**Recorded information**
┌────────

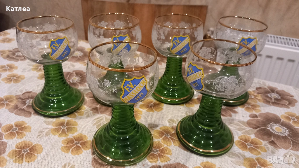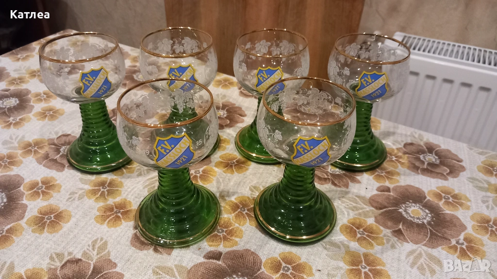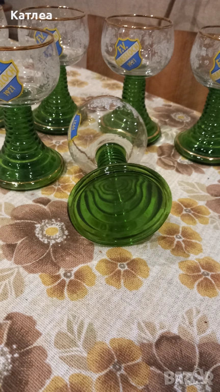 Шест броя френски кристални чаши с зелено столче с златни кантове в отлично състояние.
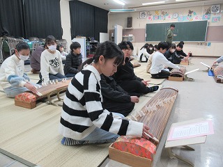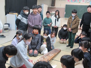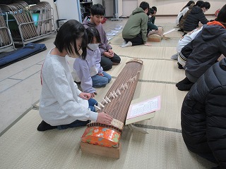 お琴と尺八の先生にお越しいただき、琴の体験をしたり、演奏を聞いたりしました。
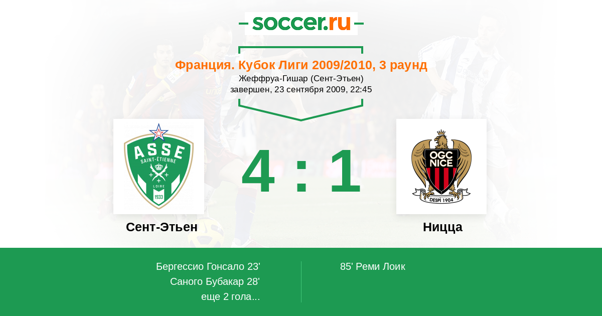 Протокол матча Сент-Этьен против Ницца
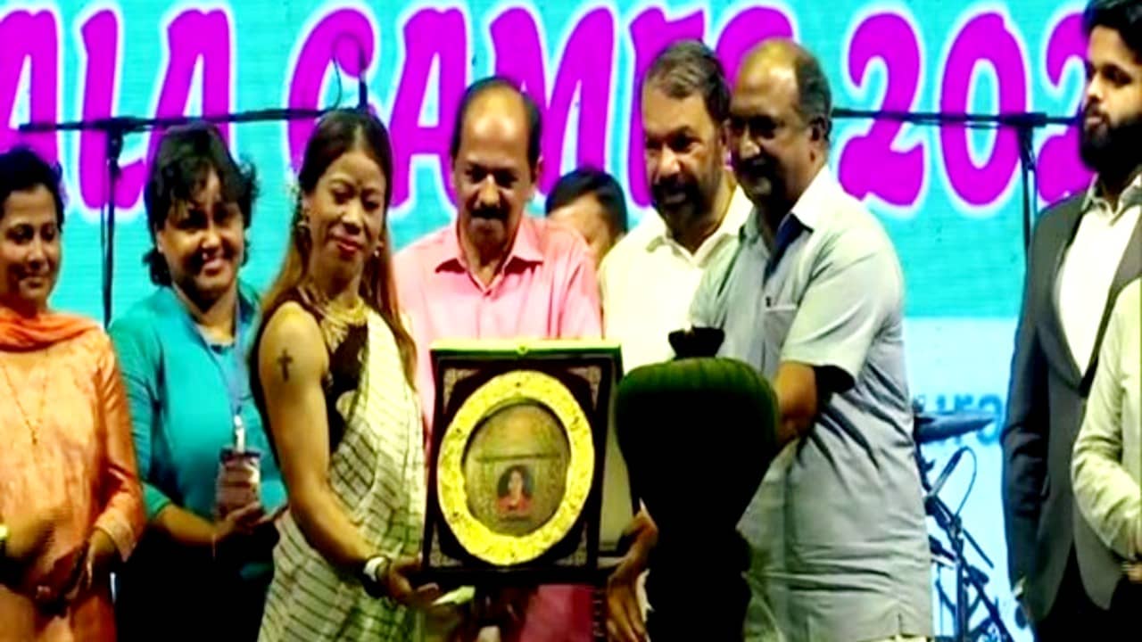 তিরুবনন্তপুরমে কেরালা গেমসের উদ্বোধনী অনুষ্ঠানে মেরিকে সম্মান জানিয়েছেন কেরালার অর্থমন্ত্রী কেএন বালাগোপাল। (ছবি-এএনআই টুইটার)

└────────
┌────────

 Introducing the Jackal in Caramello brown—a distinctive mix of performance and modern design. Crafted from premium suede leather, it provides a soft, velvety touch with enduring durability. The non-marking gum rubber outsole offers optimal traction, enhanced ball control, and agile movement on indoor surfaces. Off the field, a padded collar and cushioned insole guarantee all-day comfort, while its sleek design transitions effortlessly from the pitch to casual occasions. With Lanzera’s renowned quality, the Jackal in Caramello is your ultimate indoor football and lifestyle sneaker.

└────────

**Instructions to follow**
Write out exactly the run of lines above that starts at the line containing "Протокол матча Сент-Этьен против Ницца" and ends at the line containing "তিরুবনন্তপুরমে কেরালা গেমসের". Include both, and leave the pictures out.

**Result**
 Протокол матча Сент-Этьен против Ницца
 তিরুবনন্তপুরমে কেরালা গেমসের উদ্বোধনী অনুষ্ঠানে মেরিকে সম্মান জানিয়েছেন কেরালার অর্থমন্ত্রী কেএন বালাগোপাল। (ছবি-এএনআই টুইটার)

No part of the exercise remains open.